In previous articles, we have discussed how CRISPR improves the efficiency of drug discovery (Using CRISPR to accelerate drug discovery) and the emerging technologies we are establishing (Building a single-cell CRISPR capability). Now, we talk data – how we analyse, interpret and find understanding in the vast amounts of information generated every day. The FGC primarily runs pooled CRISPR screens, where a gRNA library, containing hundreds to thousands of gRNA molecules, targets thousands of genes for editing. We run pooled CRISPR screens both Cancer Research Horizons and AstraZeneca project collaborators and a future collaborative goal aims to combine data from both organisations and establish a robust quality control (QC) system. This will ensure the data is accurate and reliable, therefore giving more confidence in the genes identified as potential new cancer drug targets.

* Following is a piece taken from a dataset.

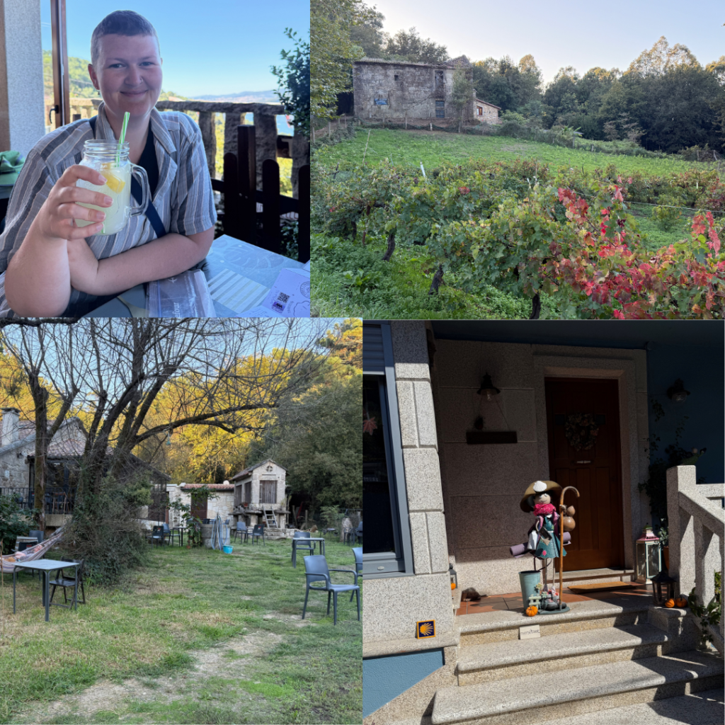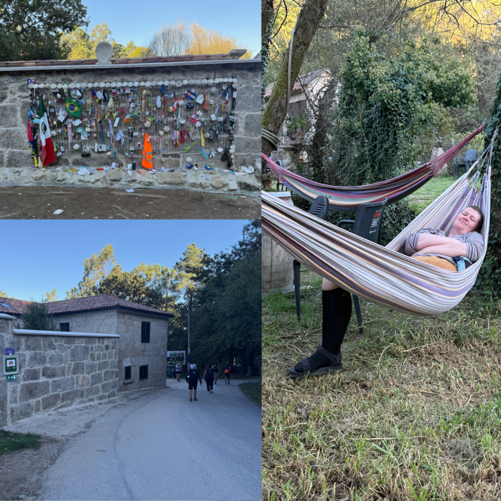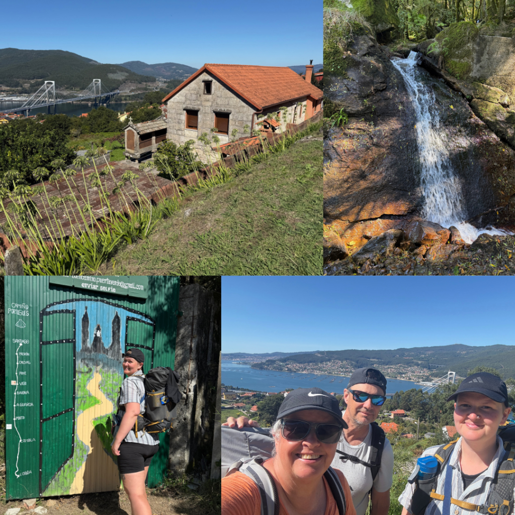 As we all know what goes up eventually must come down, and the steep up from before meant we had an equally steep walk downhill on our way to Redondela – and my knees hated it. The new poles were really helpful but after the week of hills I was struggling. We got into town and headed into the first cafe for a drink and snack, it was still another 4km uphill to our accommodation and we quickly decided it would be best if I took a taxi and the bags leaving Steve and Imogen free to walk up unencumbered. We were also getting close to the 6pm checkin closing time so I asked the bar staff to call me a taxi and away I went.

We spoke to members of the teams responsible to answer the key questions about building the FGC’s CRISPR database. Thank you to Diego Fontecilla (Infrastructure Engineer, Cancer Research Horizons), Yasantha Soysa (Database Engineer, AstraZeneca), Alex Kalinka (Principal Bioinformatician, Cancer Research Horizons), Daniel Barrell (Director, Bioinformatics, AstraZeneca), and David Leach (Lead Solution Architect, Cancer Research Horizons) for the valuable discussions.

FGC CRISPR database team
Key members of the CRISPR database and pipeline team, from left to right – Diego Fontecilla, Yasantha Soysa, Alex Kalinka, Daniel Barrell and David Leach.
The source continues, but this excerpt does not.